The series Blood, created by Sophie Petzal, set in lush Ireland, hiding family dysfunction, poetic gloom and Catholic guilt is transported, somewhat uneasily to sunny Falauli village in Punjab, where Dr Balraj Kapoor (Boman Irani) lives with his bed-ridden wife and three unhappy children.
Sana (Samara Tijori), the one who escaped to Delhi, returns when her mother Gunwant (Upasana Singh) dies. Sana had witnessed something in the past, for which she holds her father responsible, and years later, wears a permanent sullen expression. Her older sister Sanjana (Manjari Fadnnis) is separated from her husband and living at her parents’ house, also looks stricken all the time, and their brother Sanjeev (Veer Rajwant Singh), looks shifty, like he has a secret, which, of course, he does.
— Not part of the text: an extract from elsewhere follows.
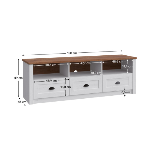 Materiál: DTD laminovaná Barva: sosna andersen/dub lefkas Rozměry (ŠxHxV): 158x43x49 cm Tloušťka materiálu korpus: 15 mm Tloušťka materiálu horní desky: 36 mm Tři šuplíky Tři police Otevřený úložný prostor S úchytkami S otvorem pro kabely Dodáváno v demontu

Sana is convinced that her father is responsible for her mother’s death, and starts skulking around spying on him. His suspicious behavior – lying about where he was when his wife died, carrying on an affair with a nurse at his hospital (Sarika Singh), and sneaking off late at night to dispose of a lawn decoration—confirms her fears.
Balraj is standing for elections from the constituency, and has been given a large sum of money by the party, which was stolen at the time of Gunwant’s death, leading to severe financial problems for the doctor, which he conceals from the family.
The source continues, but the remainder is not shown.